= Beginning of Section =

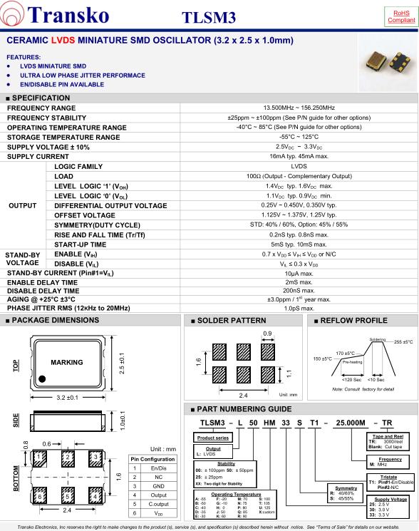 Transko晶振,TLSM3晶振,TLSM3-L50HM33ST1-24.000M-TR晶振,小型SMD有源晶振,從最初超大體積到現在的7050mm,6035mm,5032mm,3225mm,2520mm體積,有著翻天覆地的改變,體積的變小也使產品帶來了更高的穩定性能,接縫密封石英晶體振蕩器,精度高,覆蓋頻率范圍寬的特點,SMD高速自動安裝和高溫回流焊設計,Optionable待機輸出三態輸出功能,電源電壓范圍:1.8V~5V,高穩定性,低抖動,低功耗,主要應用領域:無線通訊,高端智能手機,平板筆記本WLAN,藍牙,數碼相機,DSL和其他IT產品的晶振應用,三態功能,PC和LCDM等高端數碼領域,符合RoHS/無鉛.
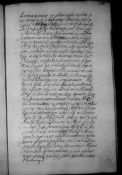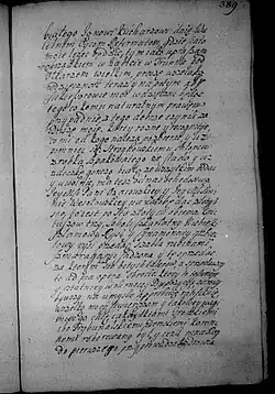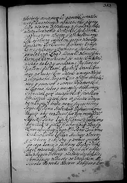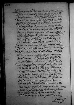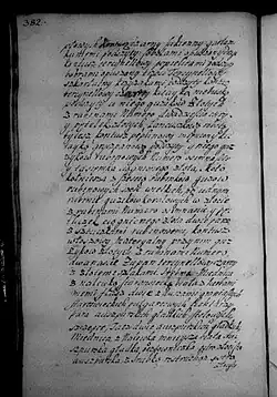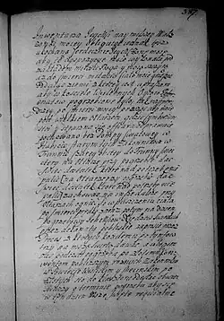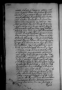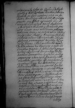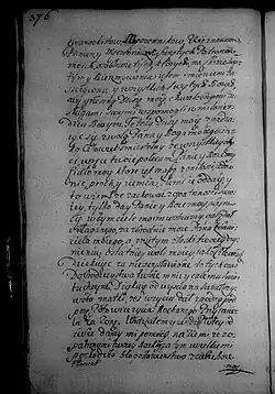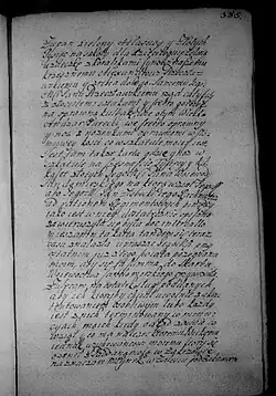 Zalecam na ostatek sług poddanych, aby ich który by chciał uwolnić z ukontentowaniem osobliwym, lubo każdy jest z nich terminowany w minucyjach moich, kiedy, odkąd zostaje, co wziął, i co ma należeć któremu. Wickiemu jednak, wychowańcowi mojemu, który się ożenił z poddaną moją w Zakrzowie, naznaczam młynek w Zalesiu pod Zakrzowem [s. 386] z polami i łąkami do młynka należącemi. Parę cielców do tego dobrych i źróbka ze stada, albo klacz dobrą, żeby tego używał wolno póty, póki mu sukcesorowie moi nie oddadzą zł 300, co mu ja nadaję i na tym młynku zeznawam i od wszelkich powinności uwalniam i zaszczycam, oprócz podatku Rzeczypospolitej, który od gromady płacić będzie powinien, co należy do tego; pałasz blachmalowy mój ordynuję i żupan atłasowy perłowy stary.
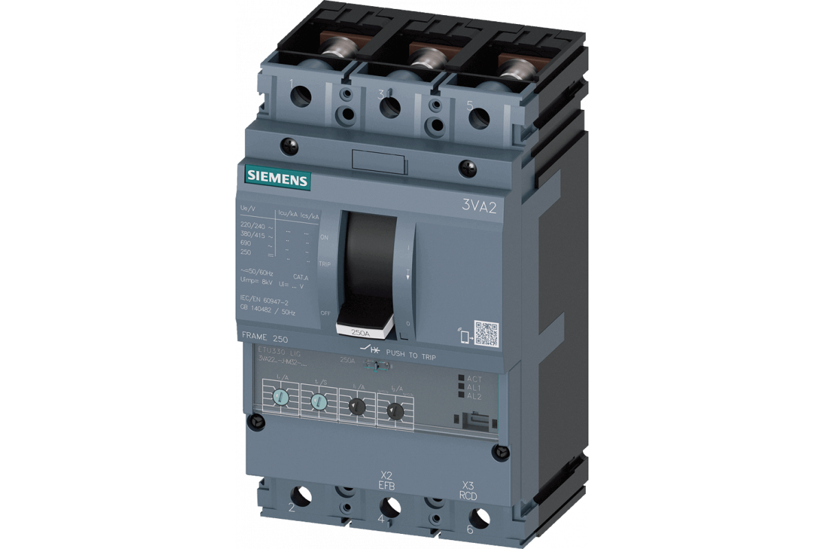 ВЫКЛЮЧАТЕЛЬ В ЛИТОМ КОРПУСЕ 3VA2 IEC ТИПОРАЗМЕР 250 КЛАСС ОТКЛ. СПОСОБНОСТИ M ICU=55KA @ 415 В 3-ПОЛЮС., ЗАЩИТА ЛИНИИ ETU330, LIG, IN=160A ЗАЩИТА ОТ ПЕРЕГРУЗКИ IR=64A ...160A ЗАЩИТА ОТ ТОКА КЗ II=1,5...12 X IN ЗАЩИТА ОТ ЗАМЫКАНИЯ НА ЗЕМЛЮ IG=0,2... 1 X IN, TG=0,1/0,3MS ШИННОЕ ПРИСОЕДИНЕНИЕ
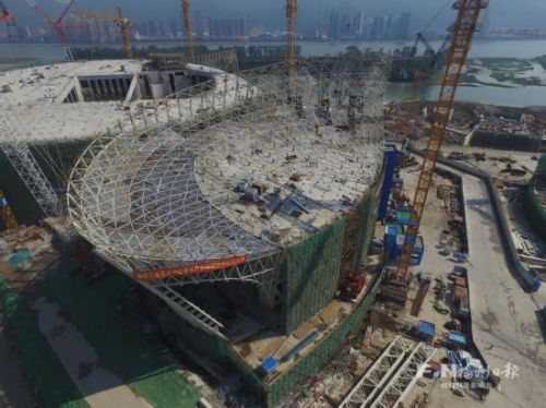 海峡文化艺术中心音乐厅主体钢结构封顶。
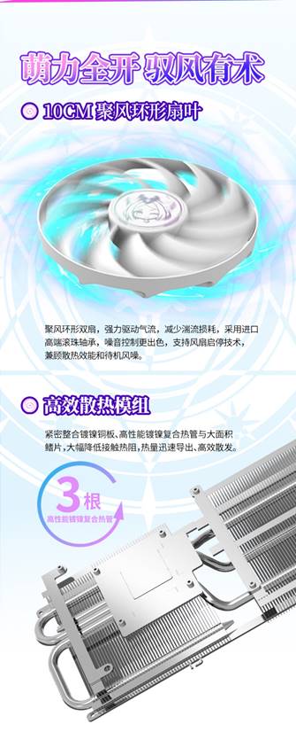這款顯卡配備了10CM聚風環(huán)形扇葉,能集中氣流減少湍流損耗,采用進口高端滾珠軸承,噪音控制更出色,還支持風扇啟停技術(shù),兼顧散熱效能和待機風噪。高效散熱模組緊密整合鍍鎳銅板、高性能鍍鎳復(fù)合熱管與大面積鰭片,大幅降低接觸熱阻,讓熱量迅速導(dǎo)出、高效散發(fā),為穩(wěn)定運行保駕護航。
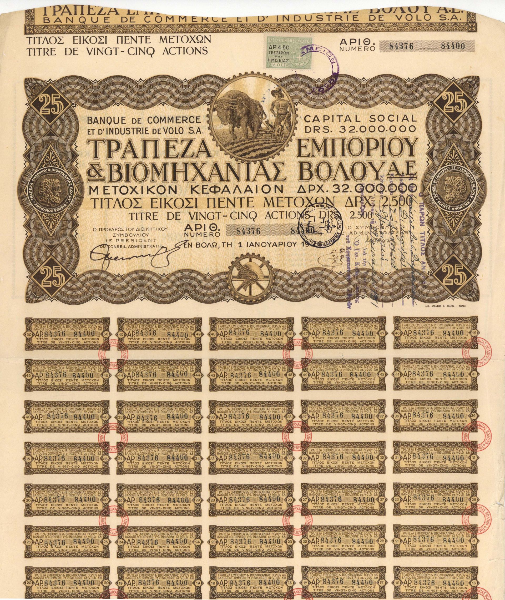 Banking Stock with oxen vignette, coupons and elaborate border!
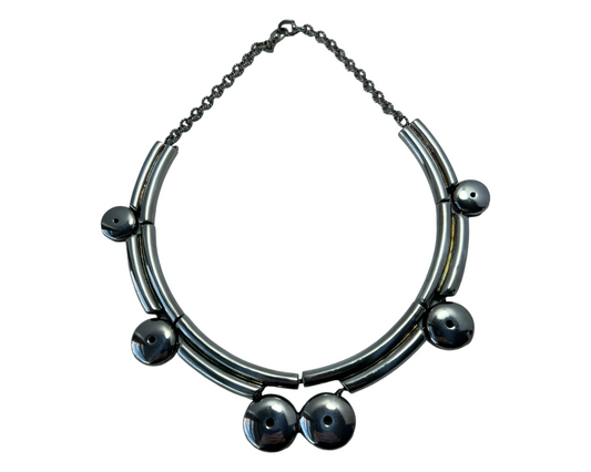 EARLY MODERNIST TANE STERLING SILVER DISC/TUBE CHAIN UNIQUE STATEMENT NECKLACE
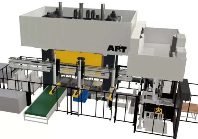 AP&T伺服压力机生产线的3D可视化效果图,其特色为一台带全伺服液压垫的1,500吨伺服压力机、集成板料拆垛机、三台AP&T SpeedFeeder®单元以及自动化堆垛,布局紧凑高效
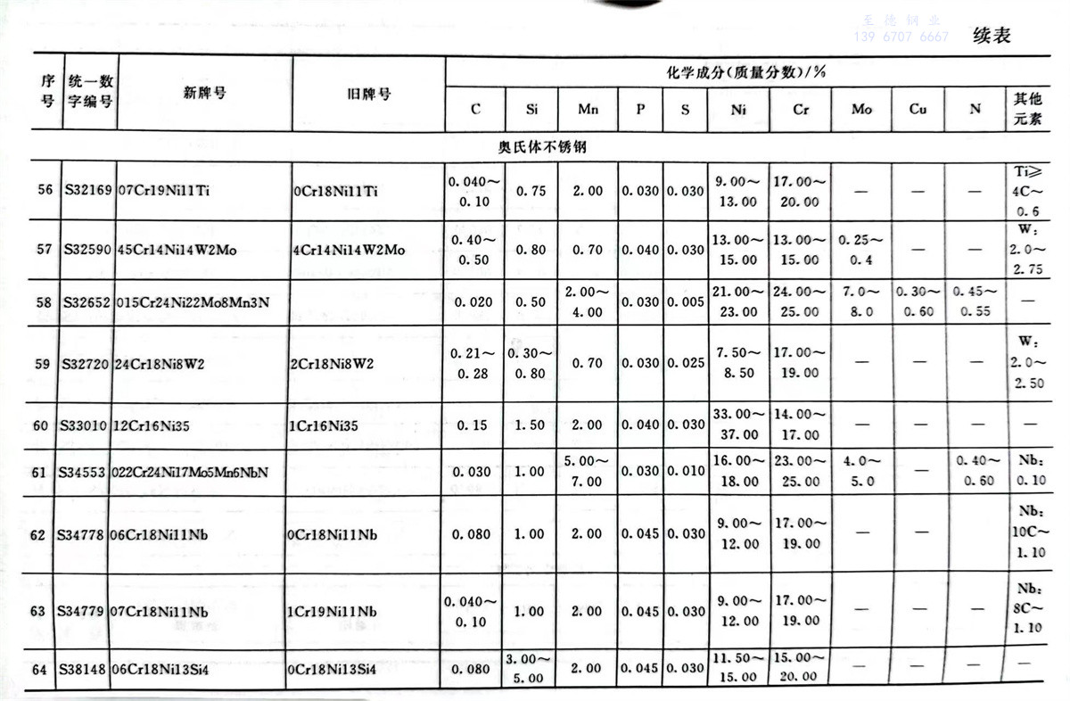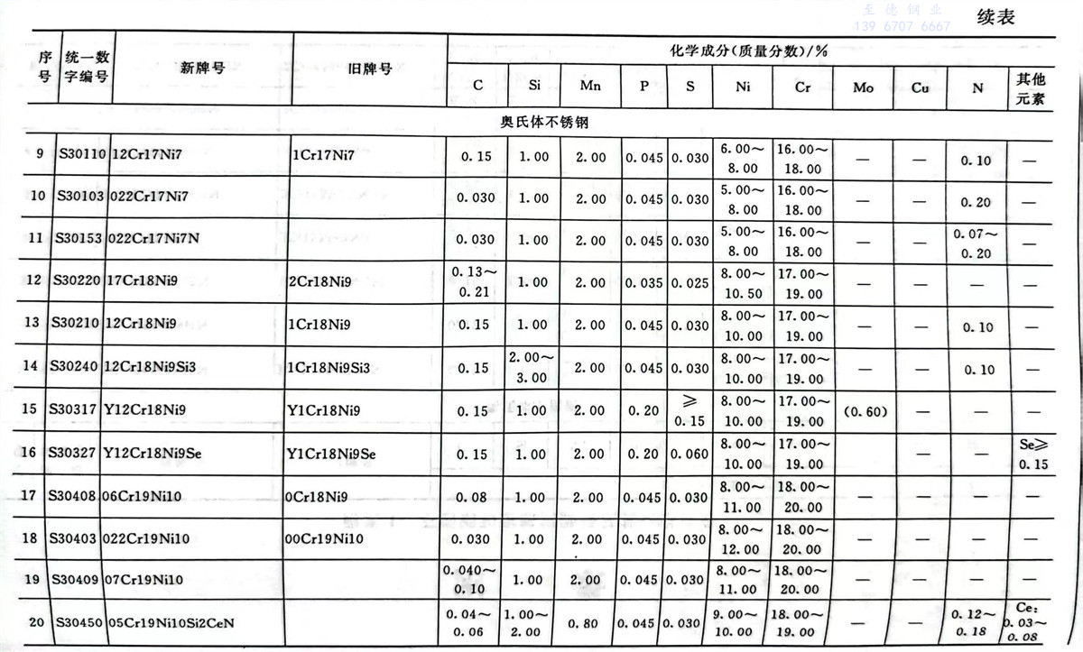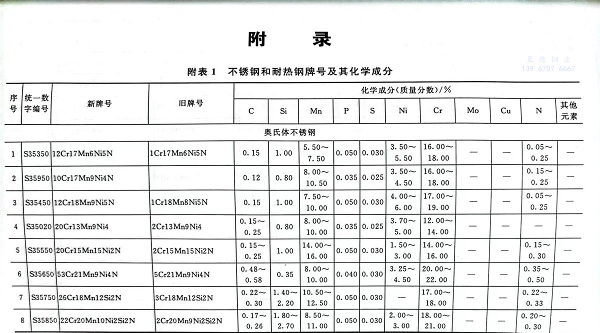 不銹鋼和耐熱鋼牌號及其化學成分表

= End of Section =

## Assignment
Everything from the line holding "EARLY MODERNIST TANE" to the close of the records should be written out exactly, both ends included, with pictures omitted.

## Expected answer
 EARLY MODERNIST TANE STERLING SILVER DISC/TUBE CHAIN UNIQUE STATEMENT NECKLACE
 AP&T伺服压力机生产线的3D可视化效果图,其特色为一台带全伺服液压垫的1,500吨伺服压力机、集成板料拆垛机、三台AP&T SpeedFeeder®单元以及自动化堆垛,布局紧凑高效
 不銹鋼和耐熱鋼牌號及其化學成分表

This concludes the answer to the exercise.